N.B. "Authoring references not entered by the application are not removed automatically. For instance, those references entered through the use of field codes are not removed or changed. Or, if hidden text was used to tag a line, and the author of the hidden text embedded his or her initials or name in the hidden text, this reference is not removed because it is not an identified author reference."
Examples of Inept "Redaction" or Censorship
- Sometimes digital files simply copy and magnify the errors which are the result of people being under a time pressure deadline. See the inept redaction / censorship with a marker pen of a legal Exhibit document in the Bank Julius Baer versus Wikileaks court case in February 2008. The plaintiff's lawyers took a digital screendump of a web page, which they then printed out and tried to hide the name of one of their clients former customers, by using a black marker pen, and the digitally scanning the result and submitting it electronically to the Court, as an Adobe .pdf document. Apart from failing to redact or censor the postal address of the customer and the name of the customer in the heading of a page (printed in the largest typeface used in the document), they also failed to cover all the descending tails of the lower case letters in the name, which could have led to some intelligent guesswork. By digitally zooming in on the .pdf image scan, the name could be read through the fading marker pen ink overlay.
- Sometimes (.pdf) files have been "Redacted" or Censored by using the Drawing facility within the software to "paint" thick black lines over the text as an overlay.

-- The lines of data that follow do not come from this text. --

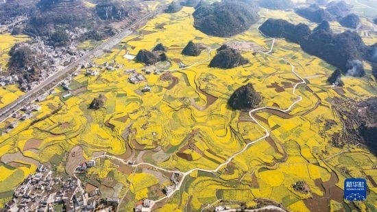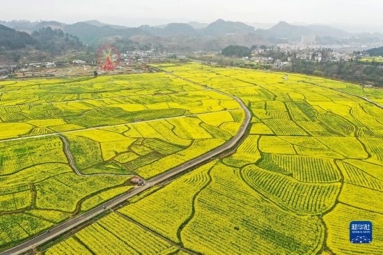 這是3月12日拍攝的貴州省貴定縣盤江鎮(zhèn)“金海雪山”景區(qū)油菜花海(無(wú)人機(jī)照片)。
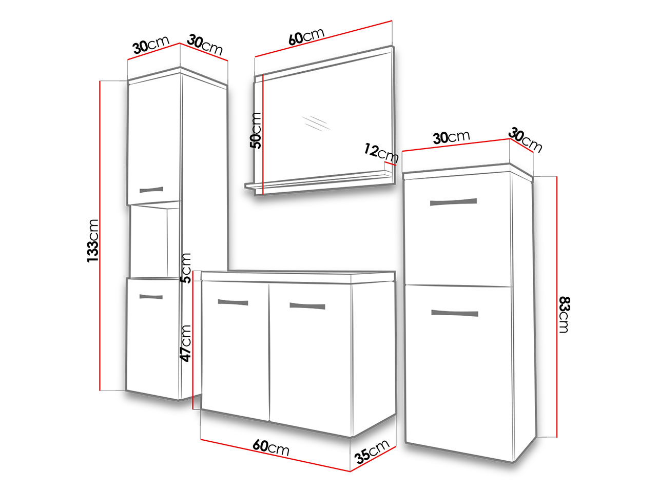 szélesség: 30 cm, magasság: 83 cm, mélység: 30 cm
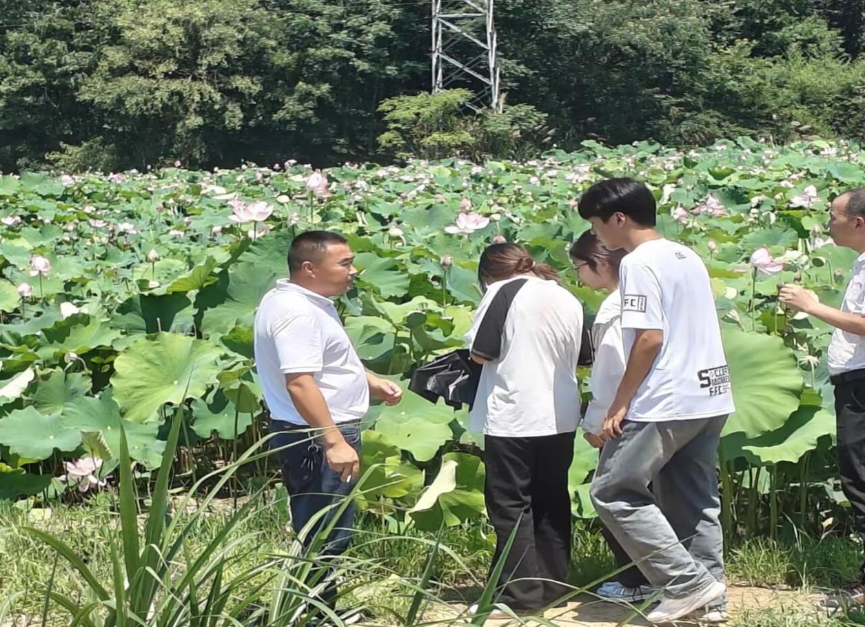 之后实践团走入了池州市牛头镇关山村的荷花种植基地。当地的村民向实践团介绍了莲子的生长周期及采摘与保鲜技巧。实践团成员们通过实地考察了解到荷花种植在生态旅游、莲产品开发等方面的价值。
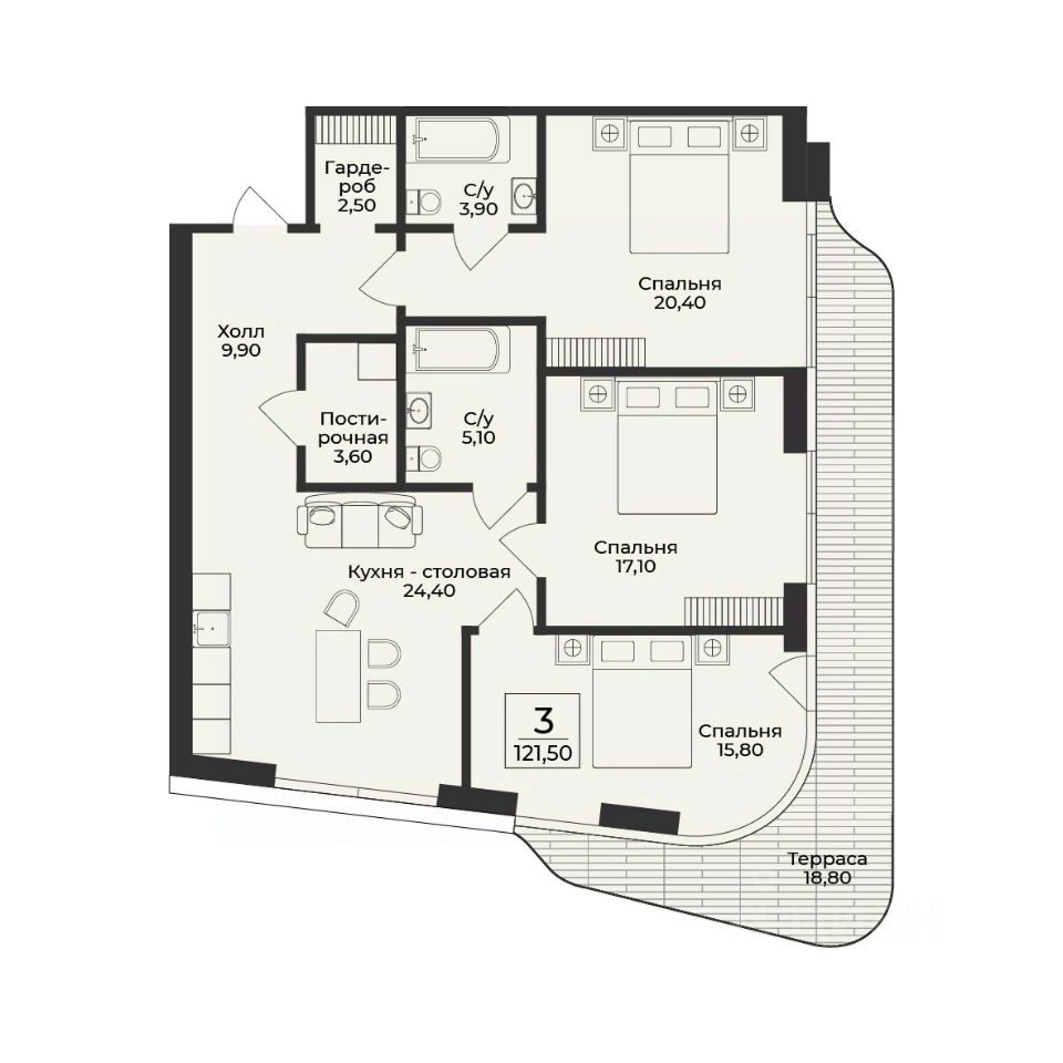 Продаётся 3-комнатная квартира в строящемся доме (Корпус 3), срок сдачи: III-кв. 2028, общей площадью 121.5 кв.м., на 8 этаже. Премиальный жилой комплекс "Нега" возводится в Профессорском уголке неподалёку от набережной, где снимался фильм "Кавказская пленница".

This has led to several "whistleblower leaks" of the hidden data, through the simple technique of copy and pasting the text out of the (.pdf) viewer software into a another application programme such as a text editor or word processor, which has then revealed the underlying words which have supposedly been hidden. e.g. the failed attempt to hide the IP Addresses of military and government computers, in a (.pdf) copy of a US Grand Jury indictment against the alleged UK computer hacker Gary McKinnon
- Sometimes the encryption and "protection" features used to hide information in an Adobe (.pdf) file can be overcome through password guessing etc. e.g. the Wikileaks.org publication of an unredacted version of South African Competition Commission's final Report on Banking, 12 Dec 2008
Document File MetaData
- The ExifTool Perl scripts or Windows binary executable which reads the meta data of image files, also displays it for Microsoft Word .doc, Excel .xls, Powerpoint .pps and Adobe .pdf files etc. as well. - see the Photo Image Files section
- You can examine (but not change or delete) such photo or document image metadata via this website, which is powered by the ExifTool perl script software: Jeffrey's Exif Viewer
Remember that sometimes a whistleblower or journalist or blogger needs to read and understand this sort of hidden meta data or document change history, to help to determine if the leaked document is genuine..
If the leaked document has not been edited on a computer which is linked in anyway to the whistleblower, then sometimes, the hidden meta data and "track changes" edits are in fact the main point of the whistleblower leak, perhaps showing evidence of a last minute reversal of Government or Corporate policy, or the censorship of independent expert advice, or even the outright fabrication of "facts" by political spin doctors in the final version of a document etc.